Tales of Berseria Remastered: la recensione

Il regno sacro attende l'arrivo del suo salvatore, mentre una ragazza solitaria di nome Velvet è gravata dal peso di un drammatico inganno...

Con Tales of Berseria Remastered, Bandai Namco riporta su console Nintendo uno degli episodi più apprezzati della saga, originariamente pubblicato nel 2016. Non si tratta soltanto di un’operazione nostalgia, ma del recupero di un capitolo che ha segnato un momento di svolta per la serie, grazie a un tono più maturo, una protagonista fuori dagli schemi e un sistema di combattimento dinamico e stratificato. Su Switch, e ora in versione ottimizzata, Berseria trova una collocazione naturale: un JRPG corposo, narrativamente intenso e perfetto per sessioni sia domestiche sia portatili. Il ritorno di Velvet Crowe non è solo un ripescaggio di catalogo, ma un tassello importante in una fase di transizione per il franchise, che guarda contemporaneamente al passato e al futuro.
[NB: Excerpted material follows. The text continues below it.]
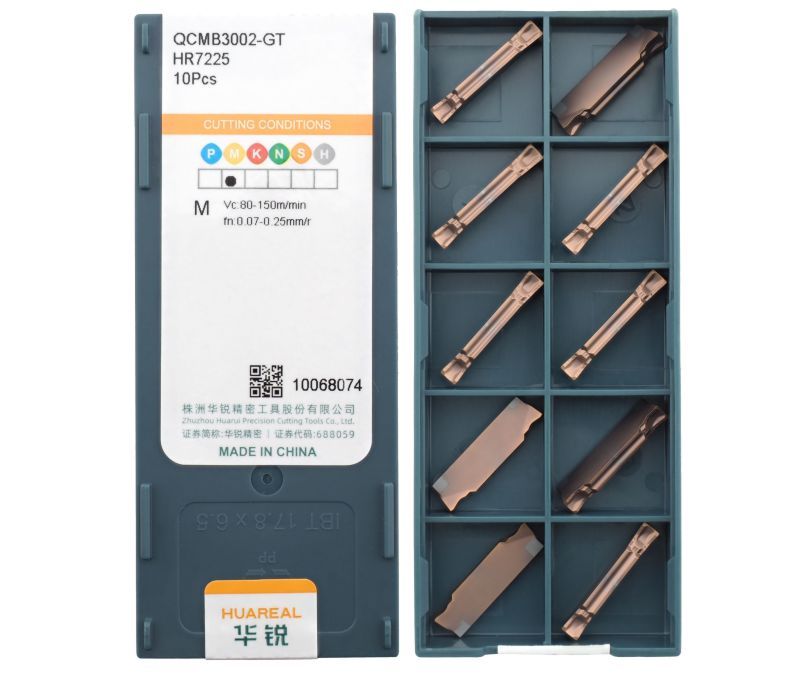 Твердосплавная сменная пластина QCMB3004-CT-HR7225 используется для отрезки и обработки канавок. Тип обрабатываемого материала - нержавеющая сталь. Ширина пластины 3 мм. Радиус при вершине 0,4 мм. Область применения: • Державки отрезные MGEHR/L, MGIVR/L

La saga Tales affonda le proprie radici nel 1995 con Tales of Phantasia, introducendo un sistema di combattimento in tempo reale – il celebre Linear Motion Battle System – che ha definito l’identità del brand per decenni. Nel corso degli anni, la serie ha alternato capitoli più leggeri e fiabeschi ad altri più cupi e politicamente sfumati, fino ad arrivare proprio a Berseria, prequel diretto di Tales of Zestiria, che ha accentuato le ambiguità morali e l’intensità emotiva. Negli ultimi anni, Bandai Namco sembra aver intrapreso una strategia chiara: valorizzare il catalogo recente ma non ancora “storico” attraverso operazioni remaster mirate. Non si tratta di classici degli anni ’90, bensì di titoli dell’era PS3/PS4 che vengono riproposti con migliorie tecniche e contenuti completi, in attesa di un vero e proprio nuovo capitolo principale. In questo senso, l’operazione assume un valore strategico. L’arrivo previsto di Tales of Arise su Switch 2 lascia intuire una volontà di rafforzare la presenza multipiattaforma del franchise, includendo in modo stabile anche l’ampia fanbase Nintendo. Un segnale incoraggiante: se Berseria Remastered rappresenta il consolidamento del passato recente, l’auspicio è che il prossimo episodio inedito possa nascere già con un’ambizione realmente condivisa tra piattaforme, senza più escludere un pubblico storicamente legato ai JRPG su console Nintendo.

Il cuore pulsante di Tales of Berseria Remastered è la storia di Velvet Crowe, probabilmente una delle protagoniste più riuscite e radicali dell’intera saga. Lontana dagli archetipi eroici tradizionali, Velvet è animata da un sentimento totalizzante di vendetta che la pone in netto contrasto con l’idea classica di “salvatore del mondo” tipica di molti JRPG. Il conflitto centrale non è solo fisico, ma ideologico: razionalità contro emozione, ordine contro libertà, sacrificio contro autodeterminazione. L’antagonista incarna una visione del mondo apparentemente giusta e necessaria, rendendo il confronto morale tutt’altro che manicheo. È proprio questa ambiguità a elevare la scrittura, costruendo un racconto che parla di dolore, perdita e identità. Il party che affianca Velvet – variegato per provenienza e motivazioni – contribuisce a rafforzare la dimensione corale, tra momenti di leggerezza, dialoghi brillanti e riflessioni più intime. Il tono complessivo rimane più cupo rispetto ad altri capitoli della serie, ma senza rinunciare a quel senso di umanità che da sempre caratterizza il marchio Tales.